The main problem that this paper attempts to solve is the limitations of current document content extraction methods in terms of diversity and comprehensive evaluation. Specifically: 1. **Limited document types**: Current evaluations mainly focus on a single type of academic papers, while real - world application scenarios include textbooks, exam papers, financial reports, newspapers, magazines and other types of documents. 2. **Monotonous evaluation dimensions**: Module - based methods usually only evaluate specific algorithm modules, such as OCR, layout detection or formula recognition, while the quality of the overall parsing results requires more comprehensive evaluation metrics. 3. **Inadequate evaluation metrics**: Although multi - modal large - model methods attempt to evaluate document parsing quality from multiple dimensions, commonly used evaluation metrics (such as BLEU scores or edit distances) cannot accurately and fairly evaluate the parsing effect when dealing with markup languages such as LaTeX or HTML. To meet these challenges, the paper proposes a new multi - source benchmark named OmniDocBench, aiming to promote the development of automatic document content extraction technology.
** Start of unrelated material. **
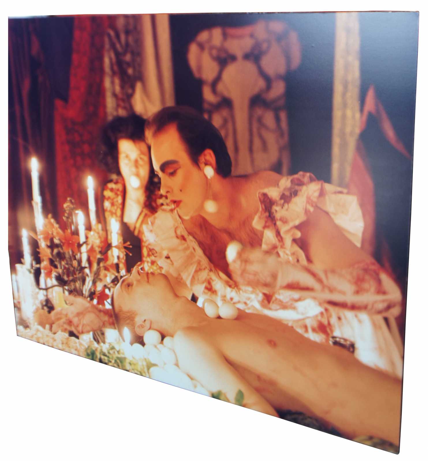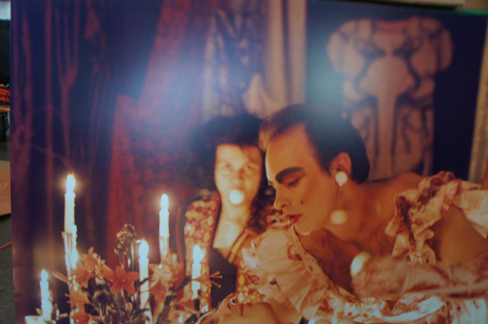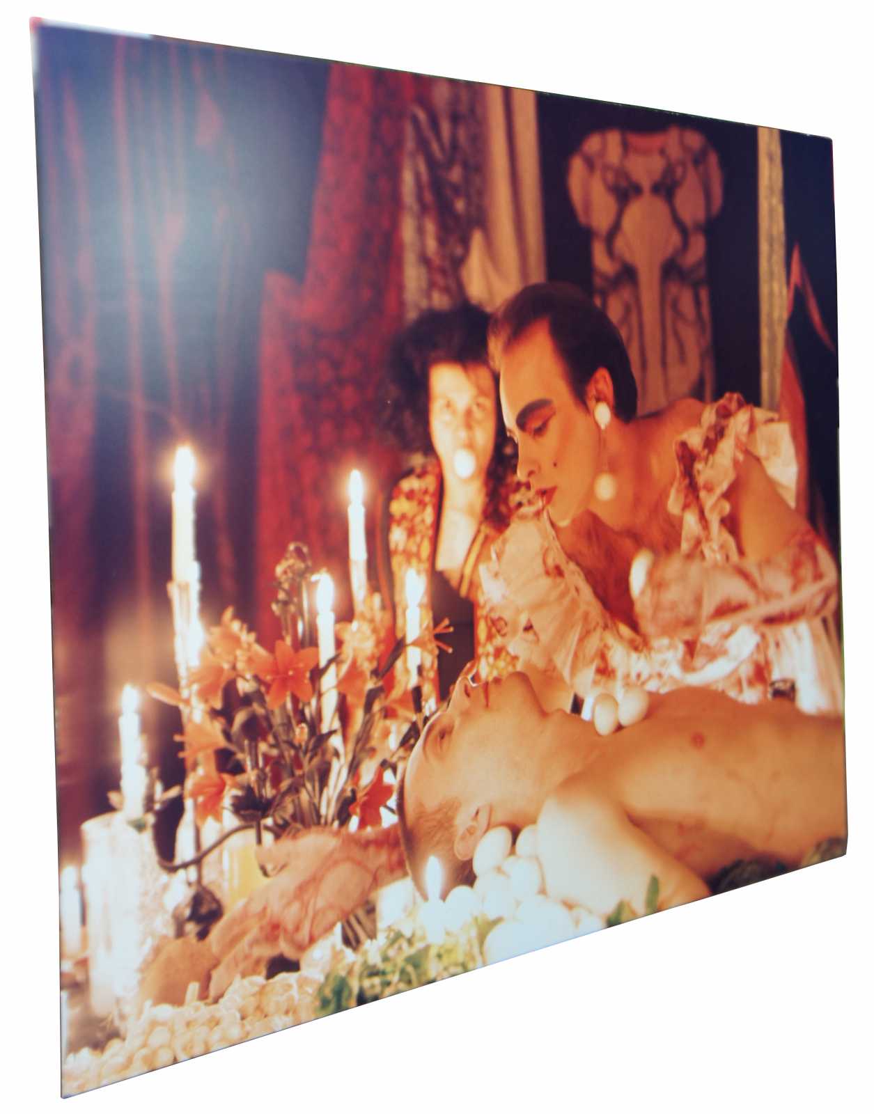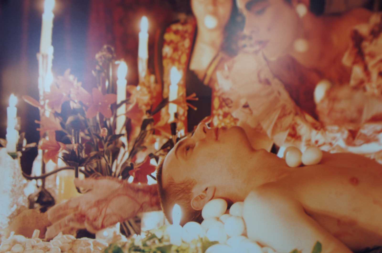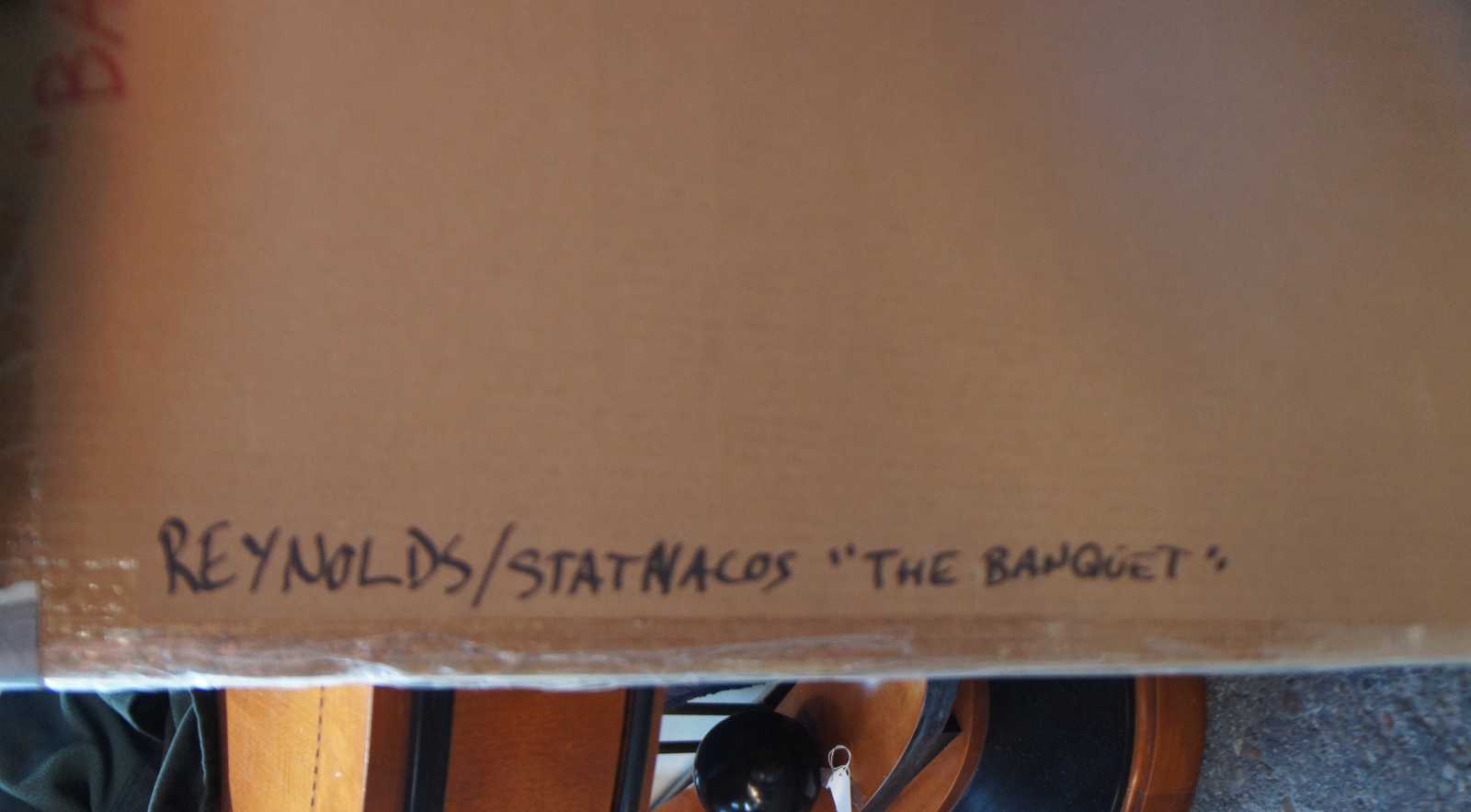 The Banquet, first preformed at Thread Waxing Space in 1992, was largely inspired by Surrealist Meret Oppenheim’s Spring Feast, in which a banquet was presented on the body of a nude woman. Andre Breton later encouraged Oppenheim to reenact Spring Feast for the Paris Exhibtion entitled Exposition InteR natiOnale du Surrealsime (the last joint exhibition of the Surrealist group). In The Banquet, Stathacos and Reynolds have inverted Oppenheim’s original event by substituting a nude man for the woman, blatantly confronting issues of male dominance throughout (art) history.

OmniDocBench has the following characteristics: - **High - quality and diverse evaluation sets**: Through automated annotation, manual verification and expert review, a comprehensive, detailed and high - quality evaluation set containing nine different types of document pages has been constructed. - **Support for flexible and comprehensive evaluation dimensions**: The evaluation set covers 19 layout category labels and 14 attribute labels, supporting evaluation from the overall, individual modules or different data types. - **Comprehensive evaluation of mainstream methods**: Based on OmniDocBench, a comprehensive evaluation of the current mainstream modular pipeline and end - to - end large - model methods has been carried out, providing a fair evaluation of existing methods and summarizing the shortcomings of current document parsing methods, thereby guiding the further development of document parsing technology. Through these contributions, OmniDocBench has established a strong, diverse and fair evaluation standard in the field of document content extraction, providing important insights for future progress and development.